The applicant divorced Patrick Ndlovu on 20 October 2005, with the court ordering that their matrimonial house (stand number 632 Nketa) be sold and the net proceeds divided 40% to the applicant and 60% to Patrick Ndlovu. In 2007, the applicant obtained a court order (HC 614/07) granting her legal practitioners exclusive authority to sell the house. Despite being notified of this order, Patrick Ndlovu entered into a sale agreement with the 1st respondent on 4 September 2007 for two billion Zimbabwe dollars. This agreement was subsequently declared invalid by the court in HC 50/08. Later, the 1st respondent obtained a judgment against Patrick Ndlovu for $16,000 under case HC 2559/10 and caused the judicial attachment of the disputed house, instructing the Sheriff to sell it in execution. The applicant then approached the court directly to set aside the judicial sale, without first utilizing the domestic remedies available under the High Court Rules.
The application was dismissed with costs.
Where a litigant seeks to set aside a judicial sale or challenge an attachment in execution proceedings, the litigant must first exhaust the domestic remedies provided under Order 40 of the High Court Rules, 1971 (including Rules 332, 348, 348A, and 359) by approaching the Sheriff before seeking direct intervention from the court. A premature application to court without utilizing these internal remedies is procedurally defective and liable to be dismissed.
The court noted that the main substantive issue for determination would have been whether the 1st respondent's claim as a creditor for a judgment debt was preferent to the applicant's entitlement to a share of the property pursuant to the divorce order. However, the court did not reach this issue due to the procedural defect. The court also observed that the warrant of execution makes the Sheriff's actions lawful and as such any sale pursuant to it should be challenged through the proper procedural channels provided in Order 40 of the Rules.
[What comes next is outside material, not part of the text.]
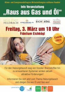 Für den Heizungstausch weg von fossilen Brennstoffen hin zu erneuerbaren Systemen winken aktuell attraktive Förderungen! Im Rahmen der Infoveranstaltung erfahren Sie, welche Heizung zu Ihrem Gebäude passt und welche Förderungen aktuell zur Verfügung stehen. Informieren Sie sich zum Thema Heizungstausch und steigen Sie aus Öl und Gas aus!

This case reinforces the importance of exhausting domestic remedies provided in the High Court Rules before approaching the court directly. It emphasizes the procedural requirements under Order 40 of the High Court Rules, 1971 for challenging judicial sales and attachments, requiring litigants to first engage with the Sheriff through the prescribed internal remedies (Rules 332, 348, 348A, and 359) before seeking court intervention. The case demonstrates the court's strict approach to procedural compliance in execution matters and serves as a reminder that failure to follow prescribed procedures can be fatal to an application, regardless of the merits.